(Items listed in a dataset)
[Start of Attachment]

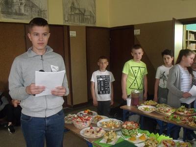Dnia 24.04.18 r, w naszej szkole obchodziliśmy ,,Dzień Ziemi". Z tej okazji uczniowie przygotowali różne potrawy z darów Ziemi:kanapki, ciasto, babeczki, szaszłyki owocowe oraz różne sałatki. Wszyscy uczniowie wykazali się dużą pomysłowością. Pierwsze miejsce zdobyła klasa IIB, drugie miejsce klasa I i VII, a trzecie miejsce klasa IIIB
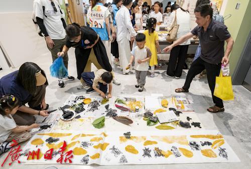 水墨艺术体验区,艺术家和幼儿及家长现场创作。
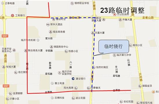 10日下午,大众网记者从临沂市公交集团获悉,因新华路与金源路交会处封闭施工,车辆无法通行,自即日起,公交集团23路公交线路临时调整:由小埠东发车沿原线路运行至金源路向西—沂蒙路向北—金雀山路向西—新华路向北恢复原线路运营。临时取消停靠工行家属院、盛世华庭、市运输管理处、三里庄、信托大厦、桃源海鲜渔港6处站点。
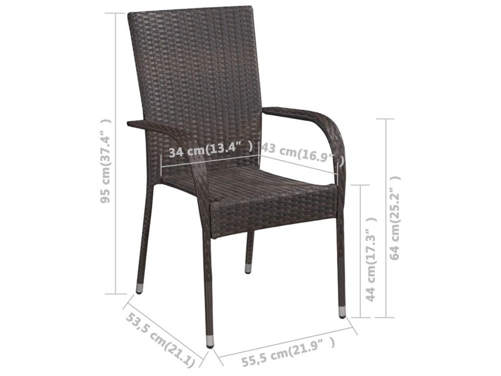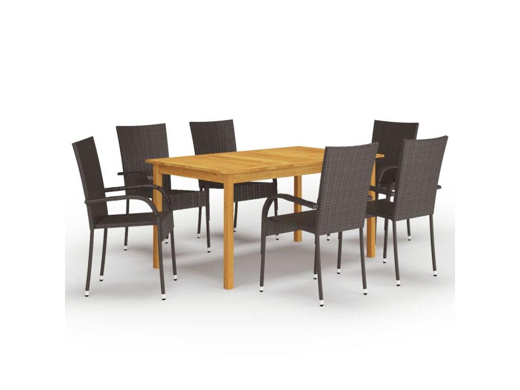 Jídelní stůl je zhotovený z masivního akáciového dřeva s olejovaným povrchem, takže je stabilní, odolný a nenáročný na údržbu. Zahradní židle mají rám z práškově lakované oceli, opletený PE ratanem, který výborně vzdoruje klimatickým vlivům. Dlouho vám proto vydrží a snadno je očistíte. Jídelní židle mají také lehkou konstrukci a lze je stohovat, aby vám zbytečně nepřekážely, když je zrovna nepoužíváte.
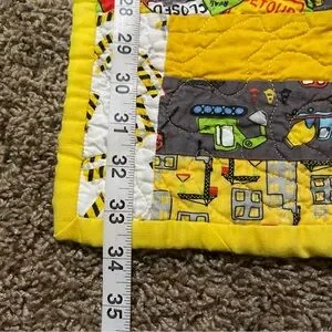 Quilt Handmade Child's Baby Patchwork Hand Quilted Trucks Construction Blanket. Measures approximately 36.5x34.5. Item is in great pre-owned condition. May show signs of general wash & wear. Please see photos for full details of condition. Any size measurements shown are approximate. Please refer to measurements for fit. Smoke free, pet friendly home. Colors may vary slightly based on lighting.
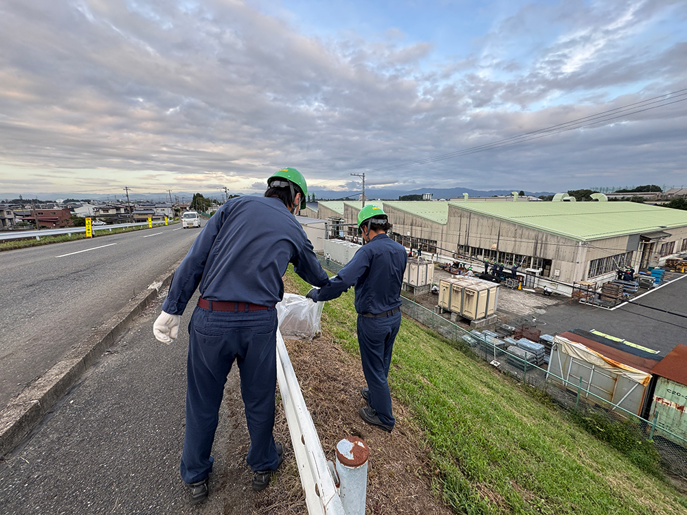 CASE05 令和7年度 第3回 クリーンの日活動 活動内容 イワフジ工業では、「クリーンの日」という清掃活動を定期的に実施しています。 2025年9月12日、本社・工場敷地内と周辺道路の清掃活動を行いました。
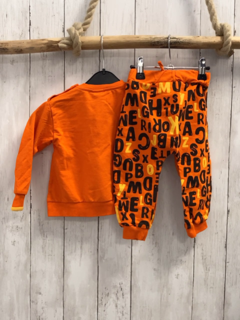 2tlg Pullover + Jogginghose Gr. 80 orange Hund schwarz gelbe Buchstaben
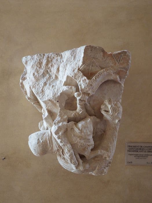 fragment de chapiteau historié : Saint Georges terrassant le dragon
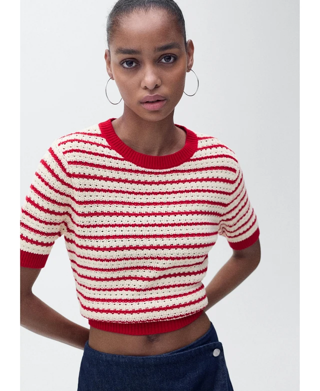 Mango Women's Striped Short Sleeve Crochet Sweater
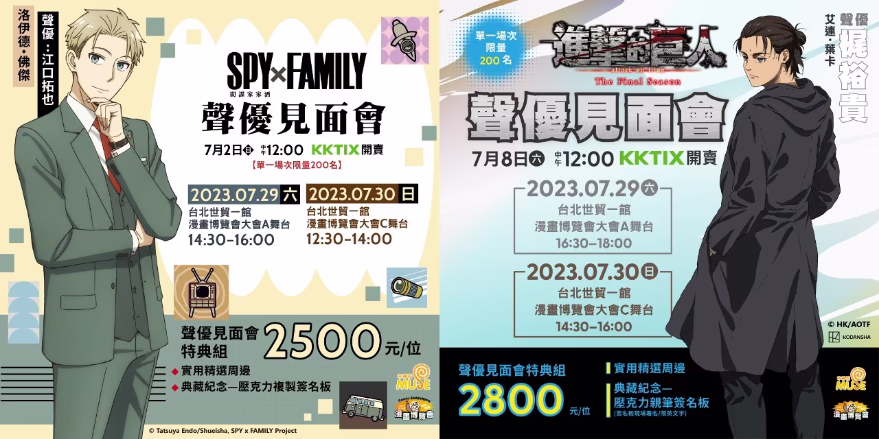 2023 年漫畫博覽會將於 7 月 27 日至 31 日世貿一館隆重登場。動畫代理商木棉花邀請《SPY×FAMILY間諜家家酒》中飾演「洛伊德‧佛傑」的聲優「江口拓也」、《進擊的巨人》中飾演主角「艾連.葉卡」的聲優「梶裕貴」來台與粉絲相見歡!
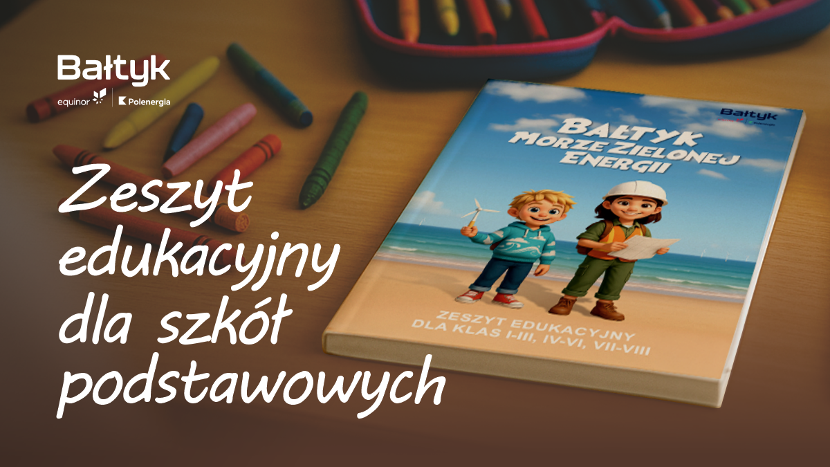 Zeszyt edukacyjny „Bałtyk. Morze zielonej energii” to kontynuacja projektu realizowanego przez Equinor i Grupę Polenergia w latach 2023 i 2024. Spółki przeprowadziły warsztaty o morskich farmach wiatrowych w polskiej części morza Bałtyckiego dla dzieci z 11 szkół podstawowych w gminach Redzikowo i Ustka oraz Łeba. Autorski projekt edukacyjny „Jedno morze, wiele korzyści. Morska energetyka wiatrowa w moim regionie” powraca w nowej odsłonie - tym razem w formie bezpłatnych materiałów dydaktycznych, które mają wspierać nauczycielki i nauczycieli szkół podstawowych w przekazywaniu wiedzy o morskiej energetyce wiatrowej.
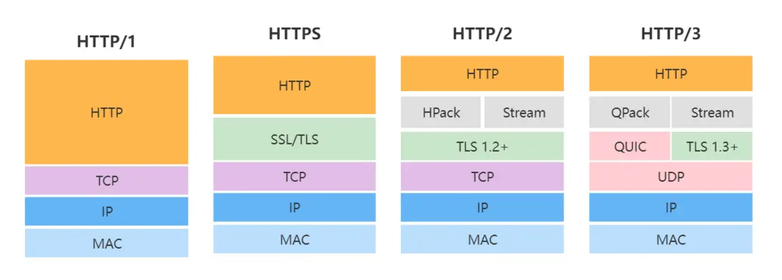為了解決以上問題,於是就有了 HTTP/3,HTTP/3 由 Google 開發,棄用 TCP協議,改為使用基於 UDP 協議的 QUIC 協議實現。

[End of Attachment]

--- EXERCISE DIRECTIONS ---
Would you copy out, exactly and with no pictures, only the lines above from the one that contains "fragment de chapiteau" through the one that contains "2023 年漫畫博覽會將於 7"?

--- PROBLEM SOLUTION ---
 fragment de chapiteau historié : Saint Georges terrassant le dragon
 Mango Women's Striped Short Sleeve Crochet Sweater
 2023 年漫畫博覽會將於 7 月 27 日至 31 日世貿一館隆重登場。動畫代理商木棉花邀請《SPY×FAMILY間諜家家酒》中飾演「洛伊德‧佛傑」的聲優「江口拓也」、《進擊的巨人》中飾演主角「艾連.葉卡」的聲優「梶裕貴」來台與粉絲相見歡!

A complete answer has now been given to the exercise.